── Record extracts

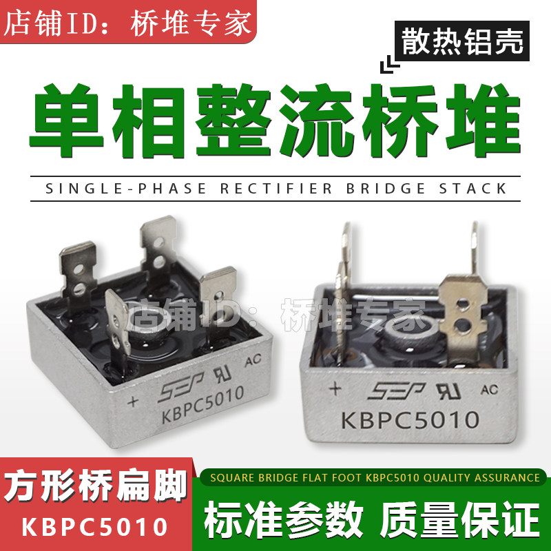 📚 全新SEP现货KBPC5010整流桥堆方形桥扁脚50A1000V单相4脚散热铝壳
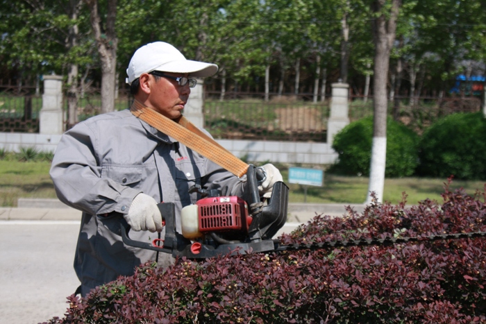 此時(shí)年近六旬的王昌嶺師傅正在給花木澆水,王師傅是園林綠化養(yǎng)護(hù)師,主要負(fù)責(zé)廠區(qū)內(nèi)花木的養(yǎng)護(hù)工作。因?yàn)閺S區(qū)取水點(diǎn)少,公司大面積的綠化區(qū)域要靠人工安裝水管澆水,有些偏遠(yuǎn)處水管接觸不到的只有通過(guò)水桶拎水,這在時(shí)間上花費(fèi)就比較長(zhǎng),無(wú)形當(dāng)中也增加了工作量,王師傅不急不緩的做著自己的工作。為了減輕師傅們的工作量,公司還多次組織員工在園區(qū)內(nèi)進(jìn)行除草、澆水活動(dòng)。
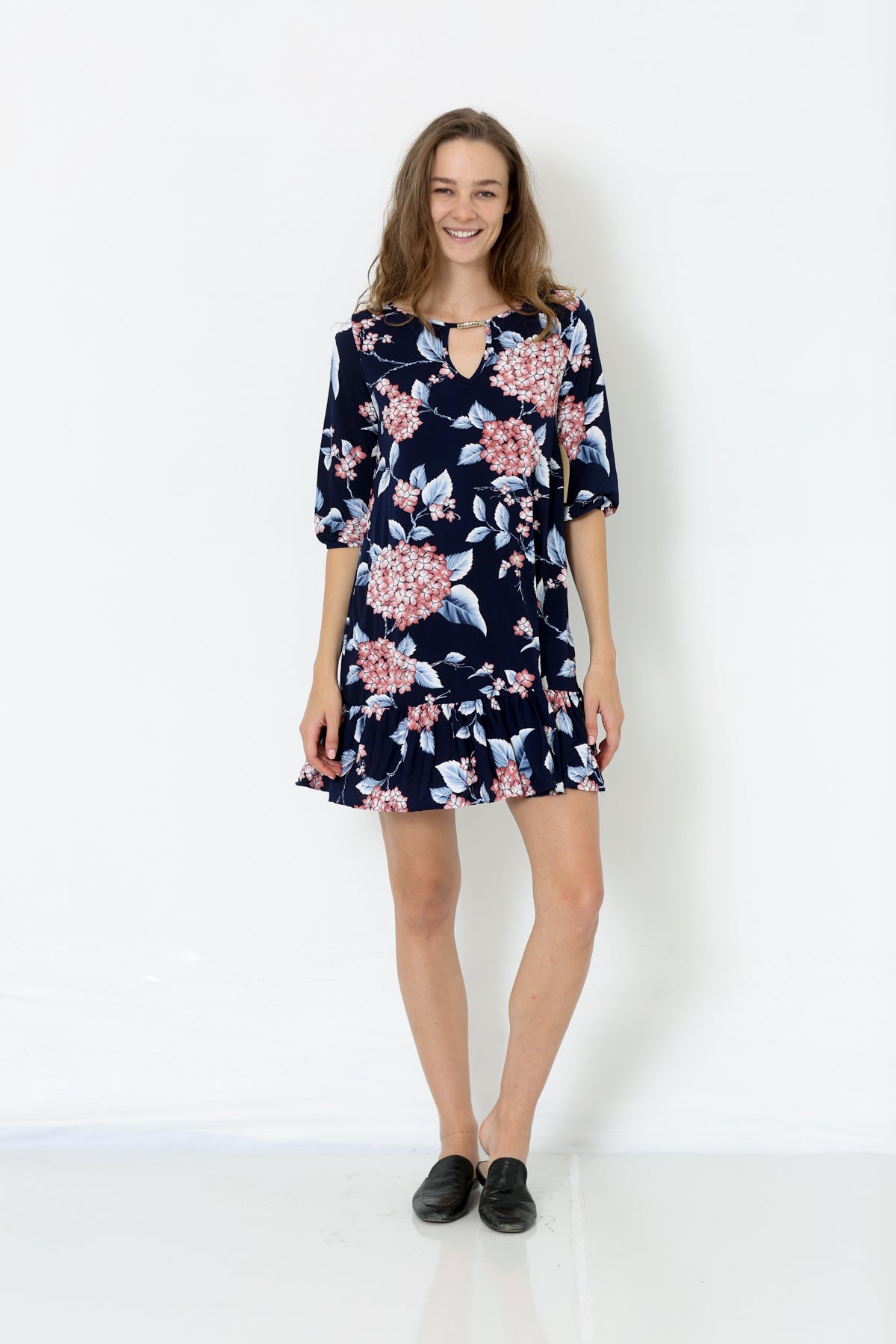 PUFF ITY Navy blue pink floral elbow puff sleeve key hole neck line dress.
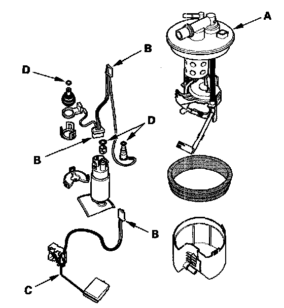 - When installing the fuel gauge sending unit (C), make sure the connection is secure and the connector is firmly locked into place. Be careful not to bend or twist it excessively.
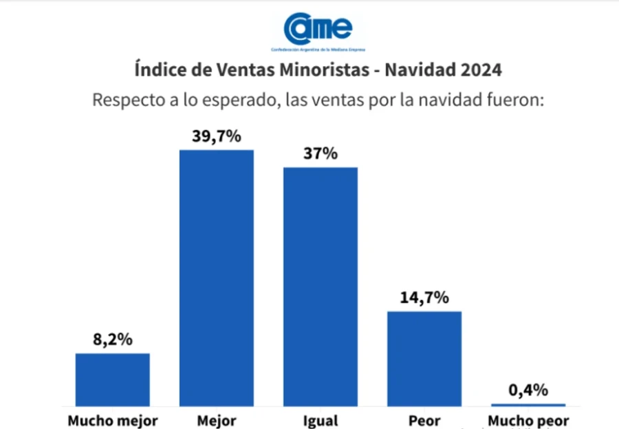 Las ventas navideñas en los comercios minoristas pymes registraron un aumento del 1% en 2024, en comparación con el mismo período del año anterior, según un relevamiento difundido por la Confederación Argentina de la Mediana Empresa (CAME).
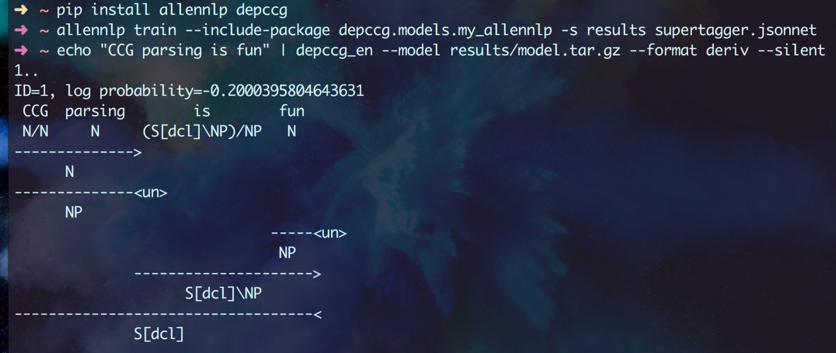 azraq1688 I made it easy to do CCG parsing experiments using #AllenNLP! Try CCG parsing benchmark on top of supertagging's one, in inspecting language model's ability. A SOTA ELMO-based model, HTML visualization, and logical formula output are available: github.com/masashi-y/depc… #NLProc pic.twitter.com/GWoxIvmYVK
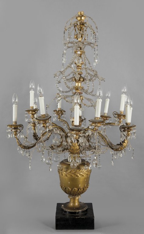 Grande vaso in legno dorato da centro con bracci portaluci, Genova sec. XVIII
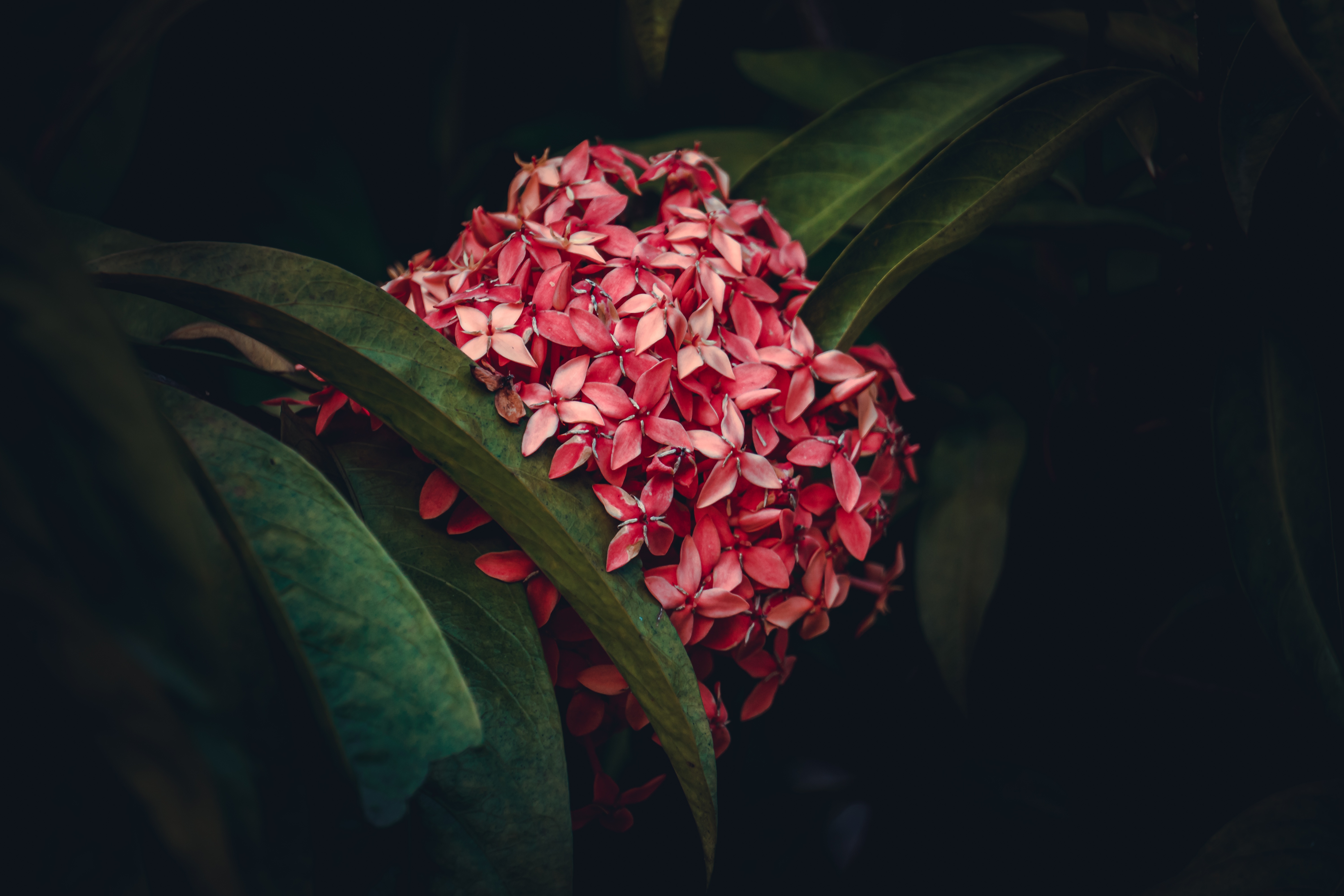 Красный экзотический цветок в зеленых листьях - 6000x4000

────

*Description of the task:* Pictures are not part of the copy. Reproduce the lines from the one with "PUFF ITY Navy" through the end of the listing above.

*Problem solution:*
 PUFF ITY Navy blue pink floral elbow puff sleeve key hole neck line dress.
 - When installing the fuel gauge sending unit (C), make sure the connection is secure and the connector is firmly locked into place. Be careful not to bend or twist it excessively.
 Las ventas navideñas en los comercios minoristas pymes registraron un aumento del 1% en 2024, en comparación con el mismo período del año anterior, según un relevamiento difundido por la Confederación Argentina de la Mediana Empresa (CAME).
 azraq1688 I made it easy to do CCG parsing experiments using #AllenNLP! Try CCG parsing benchmark on top of supertagging's one, in inspecting language model's ability. A SOTA ELMO-based model, HTML visualization, and logical formula output are available: github.com/masashi-y/depc… #NLProc pic.twitter.com/GWoxIvmYVK
 Grande vaso in legno dorato da centro con bracci portaluci, Genova sec. XVIII
 Красный экзотический цветок в зеленых листьях - 6000x4000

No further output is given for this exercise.